The worst sufferers are around 280 farmers who have already paid heavy amounts as processing fees to set up plants. They are now facing uncertainty about the fate of their venture.
Notified on January 28, the revised policy has put Punjab State Power Corporation Limited (PSPCL) and the government in a position where the power utility can’t buy power from the yet-to-be-commissioned plants at prices quoted by their owners.
Such units would sell power at rates between Rs6.25 and Rs6.99 per unit, which is double the average rates the PSPCL purchases power from other sources.
The government is thus left with two options – either to compensate the PSPCL the extra amount that the power utility will pay to solar units or simply put off the scheme.
The agitated farmers today landed at the headquarters of the Punjab Energy Development Agency (PEDA) – the executing agency – demanding justification behind the delay in execution of agreement between them and PEDA.
Earlier, the Centre had mandated that each state should be generating 10.5 per cent of their total power consumption from solar plants by 2020. This component is termed as renewable purchase obligation (RPO). In January, the limit of RPO was slashed to 8 per cent.
Punjab was earlier bound to install solar plants of 4,772 MW by 2020, the target was reduced to 2,552 MW. Since the solar power costs almost double, the PSPCL has the right to compensate the difference by charging slightly more from its consumers. But the share of solar power should not cross the RPO limit.
If Punjab allows such solar plants to come up, the PSPCL will not be able to compensate itself with this methodology. The question now is who will bear the differential cost.

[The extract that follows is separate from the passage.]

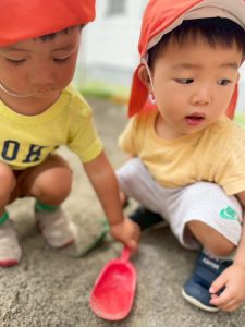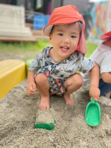 この日はみんなで元気にお砂場遊びです☺
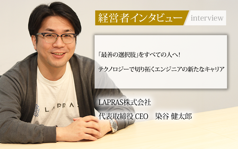 染谷健太郎/2009年に東京大学文学部を卒業し、株式会社リクルートジョブズに入社。営業にて表彰を複数回受賞後、新規事業開発を担当し、複数のSaaSサービスなどの新規事業立上げを推進。担当サービスにて「日本HRチャレンジ大賞人材サービス優秀賞」や「グッドデザイン賞」を受賞。2018年にLAPRAS株式会社へプロダクトマーケティングマネージャーとして入社。2022年より代表取締役 CEOに就任。

“The RPO has been slashed to 8 per cent. We have apprised the government of the changed scenario. Now it is up to government to take a call,” said Anirudh Tiwari, secretary, Department of Power, Punjab.
MS Randhawa, a farmer, said: “PEDA is delaying the issuance of agreement letters. Despite this, we (farmers) have to sign a power purchase agreement with the PSPCL before March 31 otherwise our bidding will stand null and void.”
What the revised policy means
The state had planned to install solar plants of 4,772 MW by 2020, but the target has been reduced to 2,552 MW after the new policy. This lowered the state's commitment to set up new solar plants.
Its implication on farmers’ solar plants
If the state allows farmers to set up solar plants in excess of its given limit, the PSPCL will not be able to compensate for costly solar power by charging its consumers. The question now is who will bear the differential cost.